◆ **WORK INSTRUCTIONS**: Please transcribe, word for word, only the lines from the one containing "O governo do" through the last line of the records below, both included, and leave out every picture.

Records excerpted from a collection
══════════

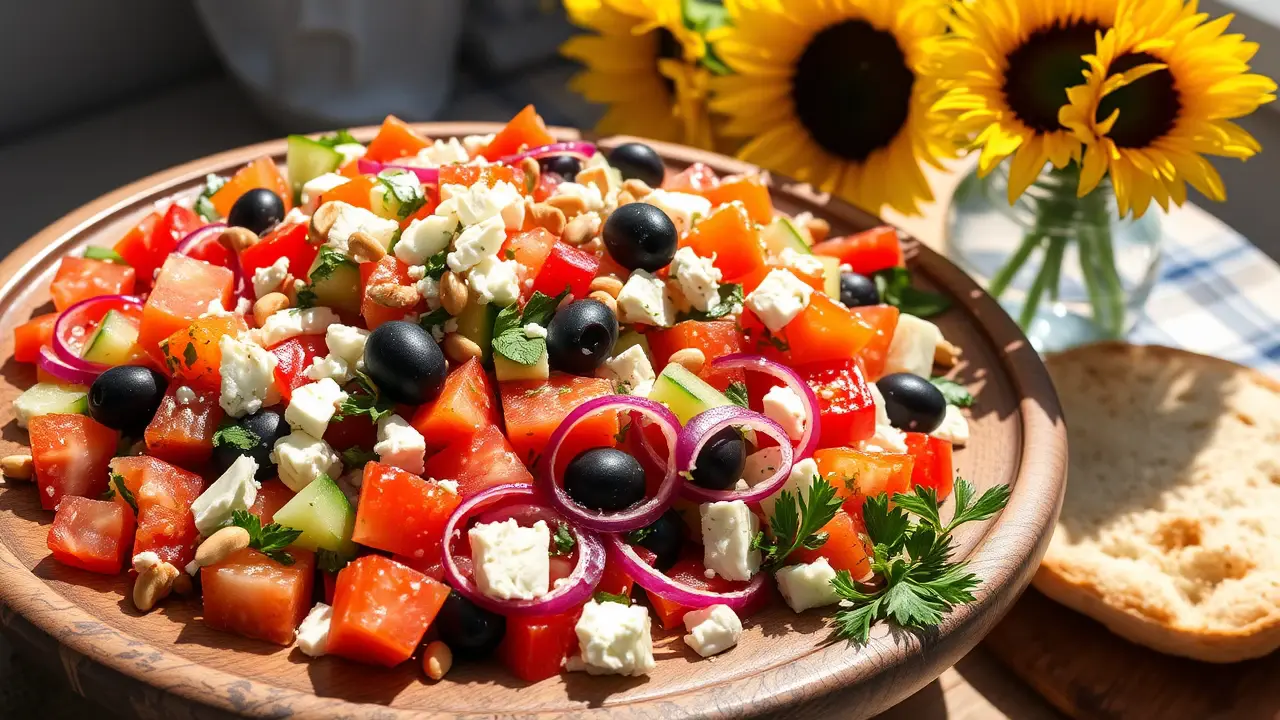 # Greek Salad (with all the trimmings!) π₯π¬π· This vibrant and flavorful Greek Salad is a colorful celebration of classic Mediterranean ingredients. Packed with fresh vegetables, tangy feta cheese, and a zesty dressing, itβs perfect for a summer picnic or as a delightful side for any meal. Add a few delicious trimmings to enhance the experience and impress your family and friends! ## Ingredients ### For the salad - 2 large ripe tomatoes, diced - 1 cucumber, peeled and diced - 1 bell pepper (red or yellow), diced - 1 red onion, thinly sliced - 1 cup Kalamata olives, pitted and halved - 1 cup feta cheese, crumbled - 1/4 cup fresh parsley, chopped - 1/4 cup fresh mint, chopped ### For the dressing - 1/4 cup extra virgin olive oil - 2 tablespoons red wine vinegar - 1 clove garlic, minced - 1 teaspoon dried oregano - Salt and pepper to taste ### Optional trimmings - 1 avocado, sliced - 1/2 cup chickpeas, drained and rinsed - 1/4 cup toasted pine nuts or walnuts - Pita bread, for serving ## Instructions 1. In a large mixing bowl, combine the diced tomatoes, cucumber, bell pepper, red onion, and Kalamata olives. 2. Sprinkle the crumbled feta cheese, chopped parsley, and mint over the vegetable mixture. > π₯ Feel free to switch up the vegetables based on your preference! Zucchini, radishes, or even a handful of mixed greens can add a nice twist. 3. In a separate bowl, whisk together the olive oil, red wine vinegar, minced garlic, oregano, salt, and pepper until well combined. 4. Pour the dressing over the salad and toss gently to coat all ingredients evenly. > π If making the salad ahead of time, keep the dressing separate until just before serving to maintain the crispness of the vegetables. 5. If using optional trimmings, gently fold in the sliced avocado and chickpeas right before serving. Top with toasted pine nuts or walnuts for an added crunch. 6. Serve the salad with warm pita bread for a complete meal. ## Variations - **Gluten-free**: This salad is naturally gluten-free, just ensure your supporting dishes are as well! - **Protein-packed**: Add grilled chicken or shrimp for a heartier option. - **Vegan**: Substitute the feta for avocado or a drizzle of tahini for a creamy element. - **Mediterranean twist**: Include a handful of sun-dried tomatoes and artichoke hearts for extra flavor! > π Enjoy this salad chilled or at room temperature, making it a versatile dish for any occasion. Perfect for gatherings, barbecues, or even a quick lunch at home!name
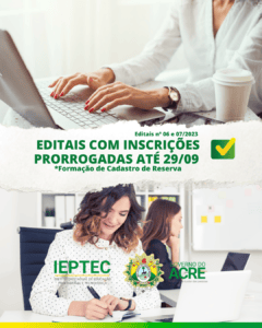 O governo do Acre, por meio do Instituto Estadual de Educação Profissional e Tecnológica (Ieptec), publicou no Diário Oficial de terça-feira, 26, informações sobre a prorrogação de dois processos seletivos
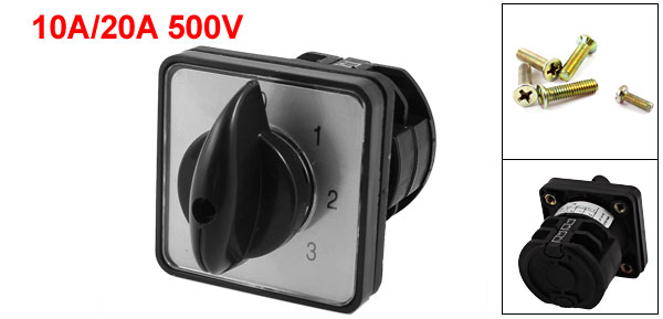 Product Name Changeover Switch Model LW28-20/0-3.2 Voltage & Current 10A/20A 500V Ue 660V Ith 20A Position Number 3 Terminal Number 6 Installing Holes Dia(Approx) 3.5mm / 0.14" Installing Holes Center Distance(Approx) 3.7 x 3.7cm/1.5" x 1.5"(L*W) Overall Size(Approx) 5 x 5 x 6cm/2" x 2" x 2.4"(L*W*H) External Material Plastic, Metal Weight 79g Package Content 1 x Changeover Switch - Reviews
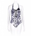 Wit badpak Glam Latino Parah! Zwarte print v. zwierige bloemen, voor diepe uitsnede m. macramé-kant en kanten bloem-corsage. Shop online bij Italian Design!
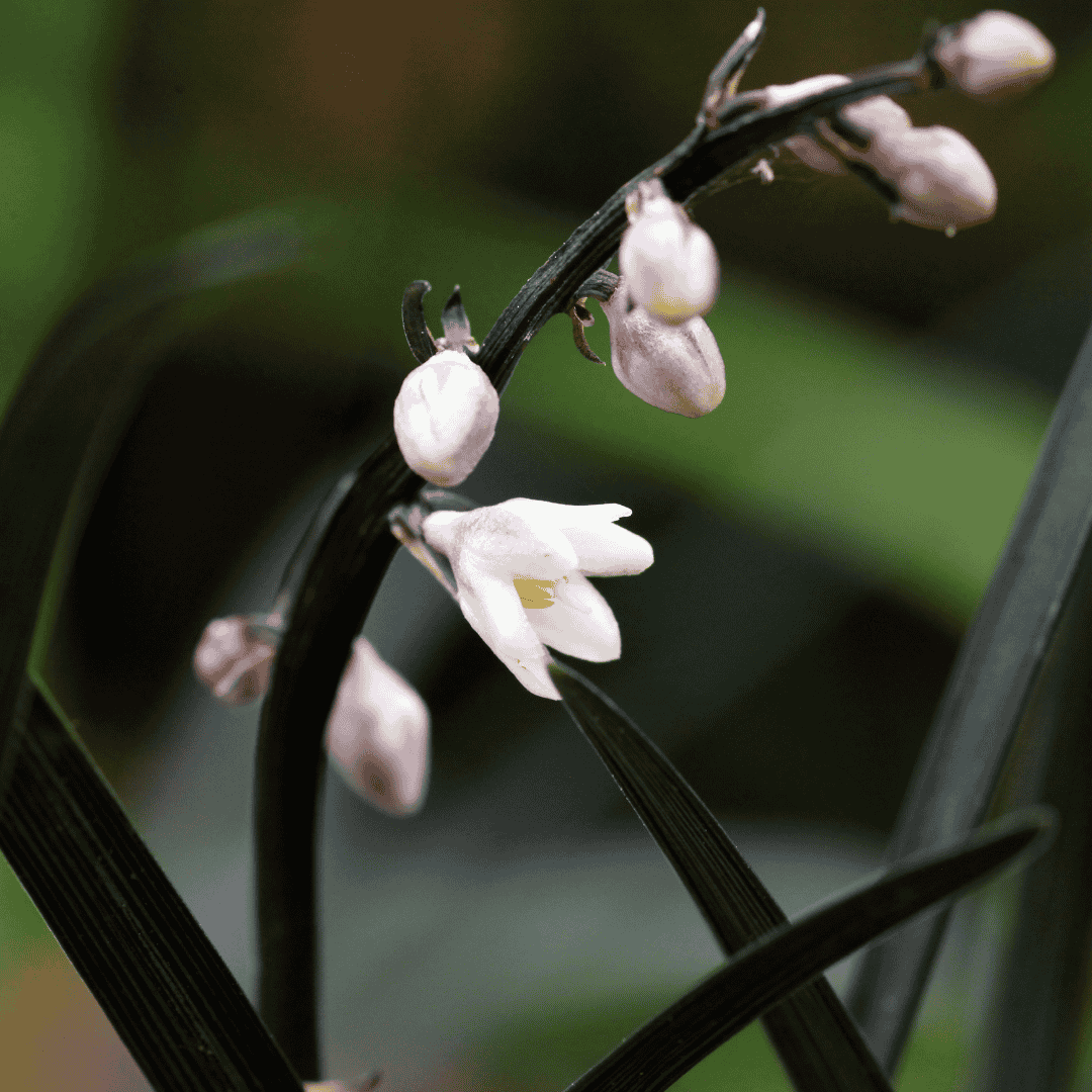 Az Ophiopogon planiscapus ‘Niger’, közismert nevén fekete kígyószakáll, egy különleges megjelenésű, alacsony növekedésű évelő, amelyet szinte fekete, keskeny levelei és apró rózsaszín virágai tesznek igazán egyedivé. Halvány rózsaszínű, harang alakú virágai általában július–augusztus folyamán jelennek meg. A virágok aprók, de dekoratívak, és sötét bordó virágzati száron emelkednek kissé a levelek fölé. Virágzás után gyakran fémesen kék bogyókat is hoz, amelyek tovább növelik a díszítőértékét. A növény kifejlett magassága általában 20–30 cm. Árnyékos vagy félárnyékos kertrészekbe, szegélyekbe, konténerbe vagy modern ágyásokba ültetve kontrasztos, elegáns hatást kelt. Jól kombinálható világos lombozatú vagy virágzó növényekkel, és minimális gondozást igényel. A dizájnos kertek kedvelt eleme, különösen japán stílusú vagy minimalista kompozíciókban.
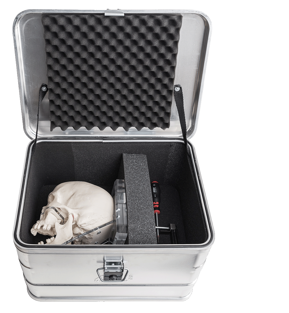 Die Aluminium-Transportbox mit Schaumstoffauskleidung sorgt schließlich, insbesondere bei Hands-on-Kursen, für den sicheren Transport Ihres Phantomschädels Serie A und der zugehörigen Modelle des Ober- und Unterkiefers.
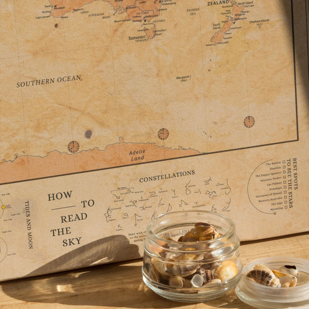 Dette dekorative lerretkartet er laget for å bevare gode minner og inspirere til reiselyst på veggen i gangen, i stua, på soverommet eller på kjøkkenet.

══════════

◆ **RESPONSE AREA**:
 O governo do Acre, por meio do Instituto Estadual de Educação Profissional e Tecnológica (Ieptec), publicou no Diário Oficial de terça-feira, 26, informações sobre a prorrogação de dois processos seletivos
 Product Name Changeover Switch Model LW28-20/0-3.2 Voltage & Current 10A/20A 500V Ue 660V Ith 20A Position Number 3 Terminal Number 6 Installing Holes Dia(Approx) 3.5mm / 0.14" Installing Holes Center Distance(Approx) 3.7 x 3.7cm/1.5" x 1.5"(L*W) Overall Size(Approx) 5 x 5 x 6cm/2" x 2" x 2.4"(L*W*H) External Material Plastic, Metal Weight 79g Package Content 1 x Changeover Switch - Reviews
 Wit badpak Glam Latino Parah! Zwarte print v. zwierige bloemen, voor diepe uitsnede m. macramé-kant en kanten bloem-corsage. Shop online bij Italian Design!
 Az Ophiopogon planiscapus ‘Niger’, közismert nevén fekete kígyószakáll, egy különleges megjelenésű, alacsony növekedésű évelő, amelyet szinte fekete, keskeny levelei és apró rózsaszín virágai tesznek igazán egyedivé. Halvány rózsaszínű, harang alakú virágai általában július–augusztus folyamán jelennek meg. A virágok aprók, de dekoratívak, és sötét bordó virágzati száron emelkednek kissé a levelek fölé. Virágzás után gyakran fémesen kék bogyókat is hoz, amelyek tovább növelik a díszítőértékét. A növény kifejlett magassága általában 20–30 cm. Árnyékos vagy félárnyékos kertrészekbe, szegélyekbe, konténerbe vagy modern ágyásokba ültetve kontrasztos, elegáns hatást kelt. Jól kombinálható világos lombozatú vagy virágzó növényekkel, és minimális gondozást igényel. A dizájnos kertek kedvelt eleme, különösen japán stílusú vagy minimalista kompozíciókban.
 Die Aluminium-Transportbox mit Schaumstoffauskleidung sorgt schließlich, insbesondere bei Hands-on-Kursen, für den sicheren Transport Ihres Phantomschädels Serie A und der zugehörigen Modelle des Ober- und Unterkiefers.
 Dette dekorative lerretkartet er laget for å bevare gode minner og inspirere til reiselyst på veggen i gangen, i stua, på soverommet eller på kjøkkenet.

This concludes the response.